(Task requirements)
Instruction for the entries below: return the part that opens with the line containing "Microsoft와 Meta는 모두" and closes with the line containing "可到了央视秋晚的舞台上,她与", exactly, and no pictures.
------ Data for review
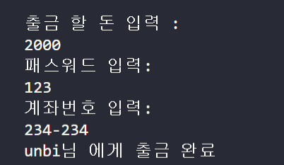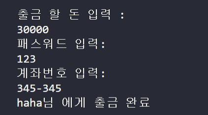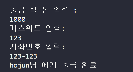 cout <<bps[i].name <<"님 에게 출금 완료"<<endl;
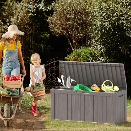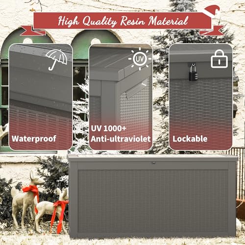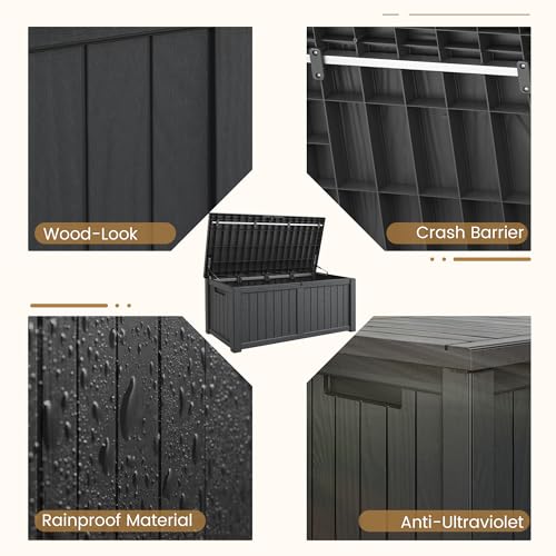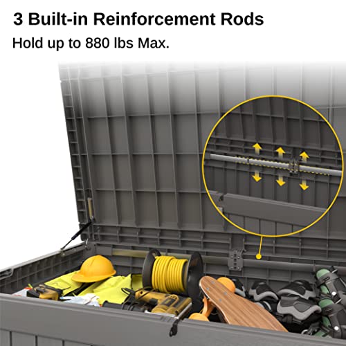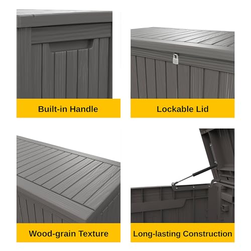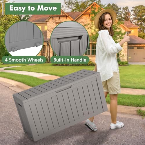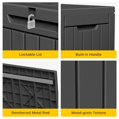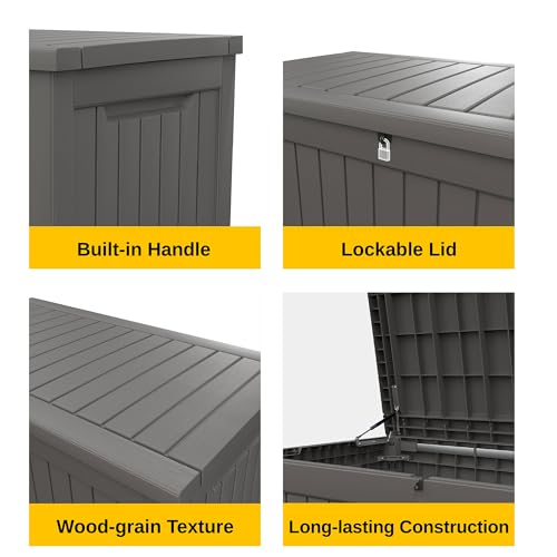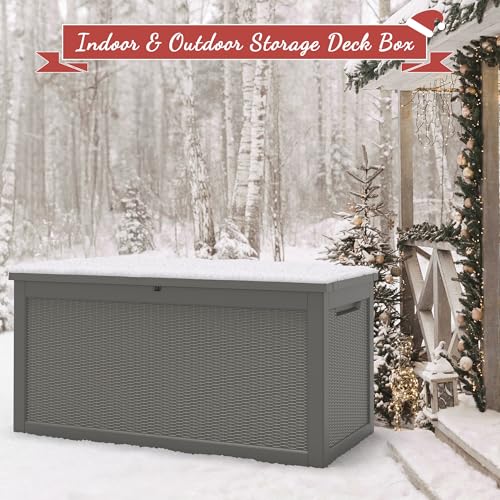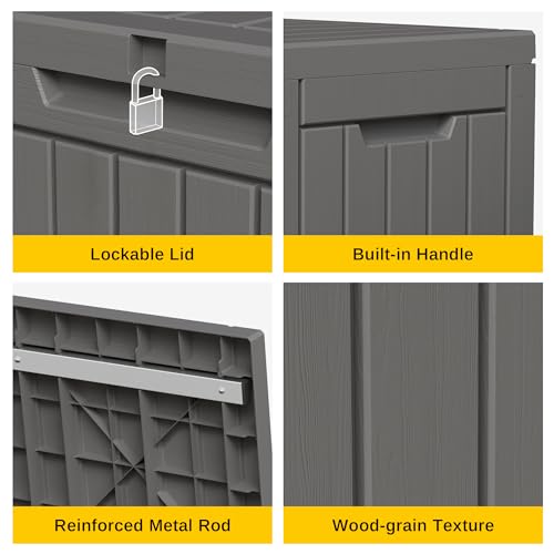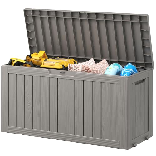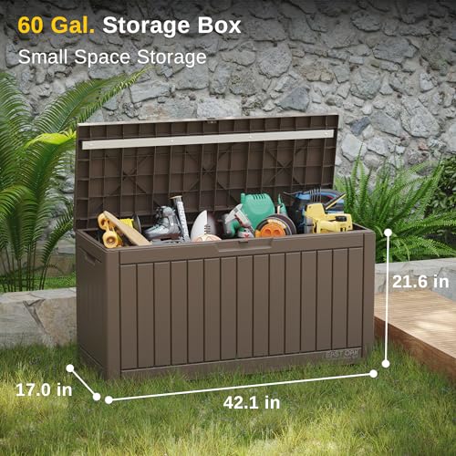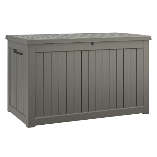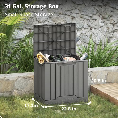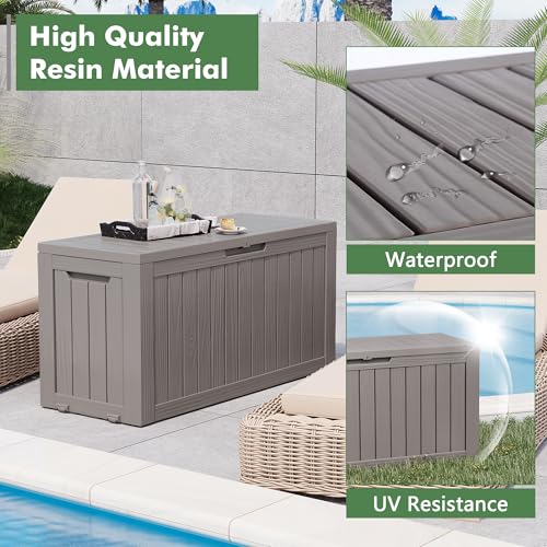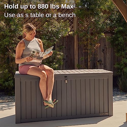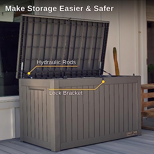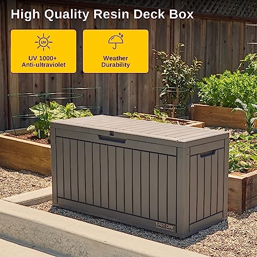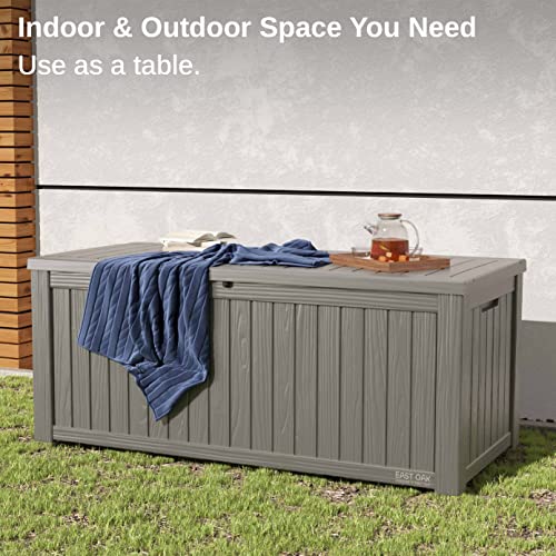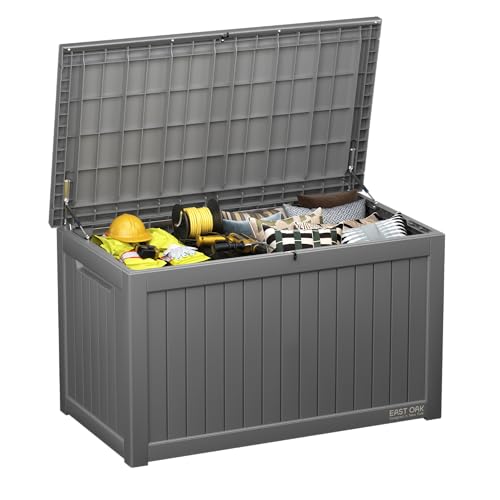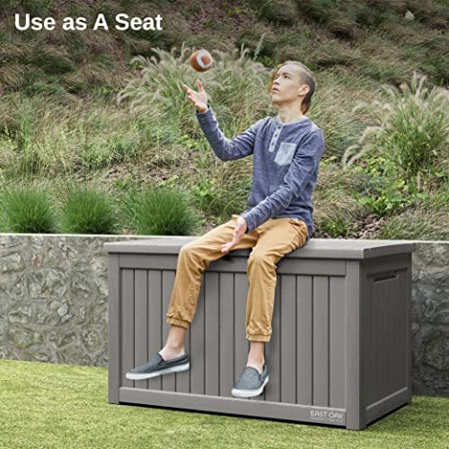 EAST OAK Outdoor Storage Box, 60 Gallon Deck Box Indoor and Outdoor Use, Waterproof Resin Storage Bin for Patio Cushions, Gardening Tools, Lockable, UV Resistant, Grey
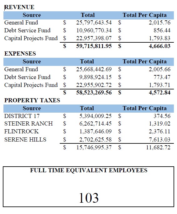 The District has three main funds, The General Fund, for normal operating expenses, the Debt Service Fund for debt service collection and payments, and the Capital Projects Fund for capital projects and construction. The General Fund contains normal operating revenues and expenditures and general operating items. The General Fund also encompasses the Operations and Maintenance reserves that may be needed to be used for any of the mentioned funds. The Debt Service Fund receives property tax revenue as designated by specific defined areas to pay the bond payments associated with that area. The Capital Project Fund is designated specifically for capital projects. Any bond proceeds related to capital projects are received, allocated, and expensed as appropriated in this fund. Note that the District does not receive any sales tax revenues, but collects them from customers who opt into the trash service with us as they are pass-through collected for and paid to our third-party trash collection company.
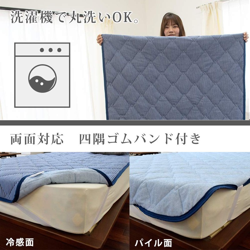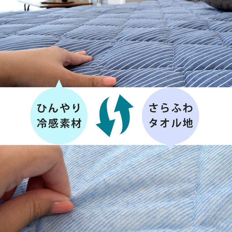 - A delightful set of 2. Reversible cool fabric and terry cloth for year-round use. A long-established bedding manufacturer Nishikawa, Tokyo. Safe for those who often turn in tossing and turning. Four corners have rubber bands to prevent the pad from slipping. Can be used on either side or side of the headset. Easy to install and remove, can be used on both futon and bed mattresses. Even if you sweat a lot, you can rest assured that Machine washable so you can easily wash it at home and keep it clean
------------
------ Data for review
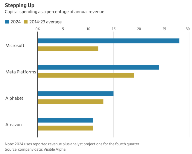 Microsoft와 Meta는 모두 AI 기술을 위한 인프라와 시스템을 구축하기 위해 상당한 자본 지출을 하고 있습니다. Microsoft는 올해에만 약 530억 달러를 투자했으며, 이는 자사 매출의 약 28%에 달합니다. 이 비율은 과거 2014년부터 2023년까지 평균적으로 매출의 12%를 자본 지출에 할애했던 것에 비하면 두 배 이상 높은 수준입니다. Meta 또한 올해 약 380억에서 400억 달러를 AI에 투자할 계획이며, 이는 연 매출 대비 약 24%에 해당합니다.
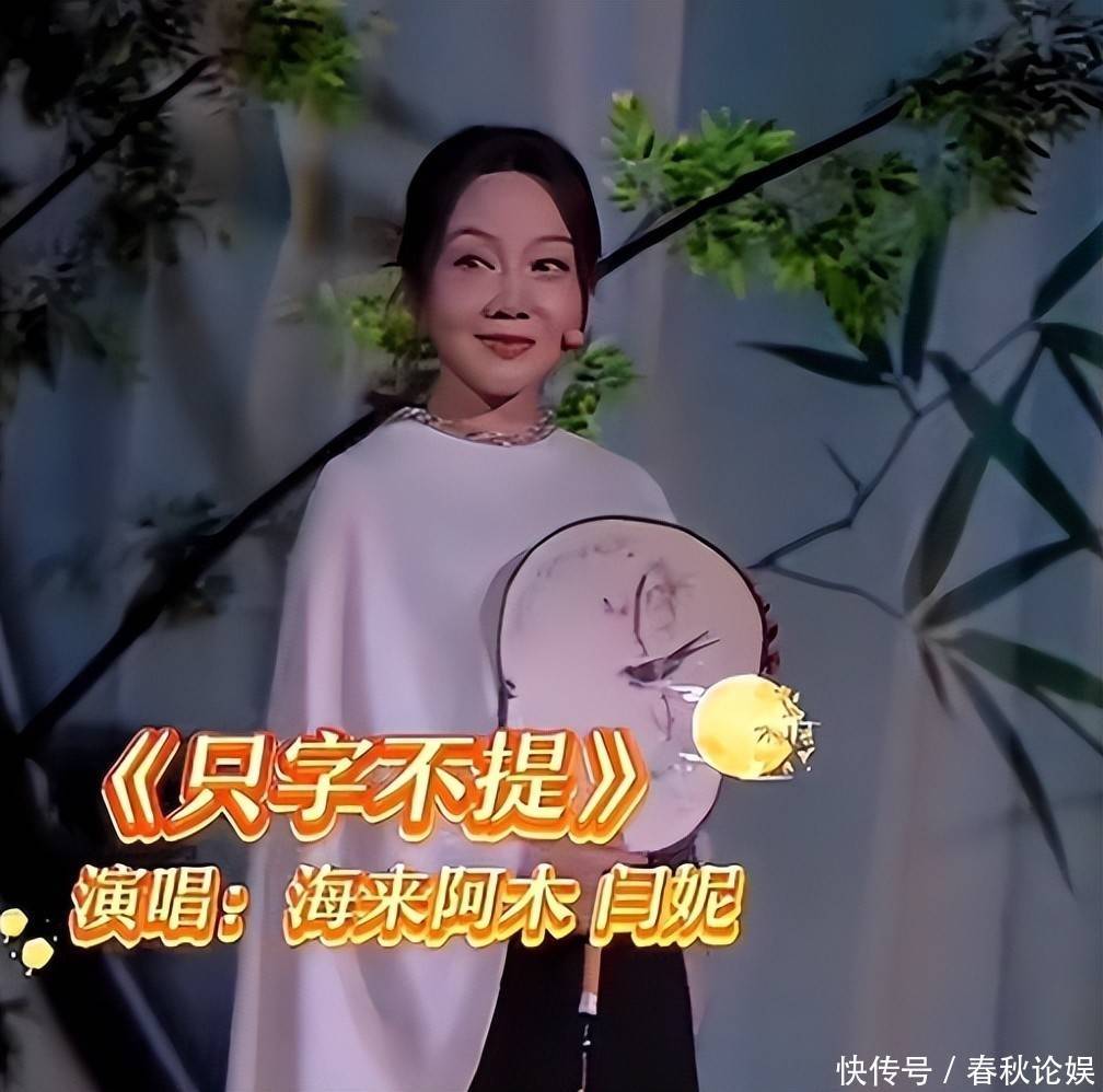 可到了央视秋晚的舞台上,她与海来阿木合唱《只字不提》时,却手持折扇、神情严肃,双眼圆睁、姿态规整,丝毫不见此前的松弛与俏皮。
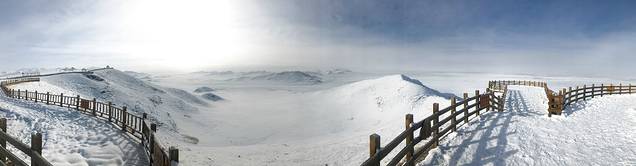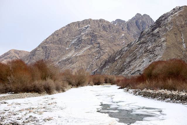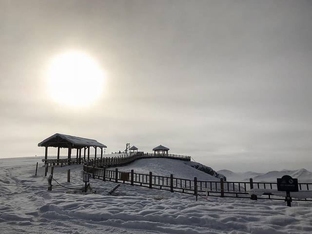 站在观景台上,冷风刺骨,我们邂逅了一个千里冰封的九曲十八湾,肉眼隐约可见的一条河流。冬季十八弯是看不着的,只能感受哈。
------------
(Output)
 Microsoft와 Meta는 모두 AI 기술을 위한 인프라와 시스템을 구축하기 위해 상당한 자본 지출을 하고 있습니다. Microsoft는 올해에만 약 530억 달러를 투자했으며, 이는 자사 매출의 약 28%에 달합니다. 이 비율은 과거 2014년부터 2023년까지 평균적으로 매출의 12%를 자본 지출에 할애했던 것에 비하면 두 배 이상 높은 수준입니다. Meta 또한 올해 약 380억에서 400억 달러를 AI에 투자할 계획이며, 이는 연 매출 대비 약 24%에 해당합니다.
 可到了央视秋晚的舞台上,她与海来阿木合唱《只字不提》时,却手持折扇、神情严肃,双眼圆睁、姿态规整,丝毫不见此前的松弛与俏皮。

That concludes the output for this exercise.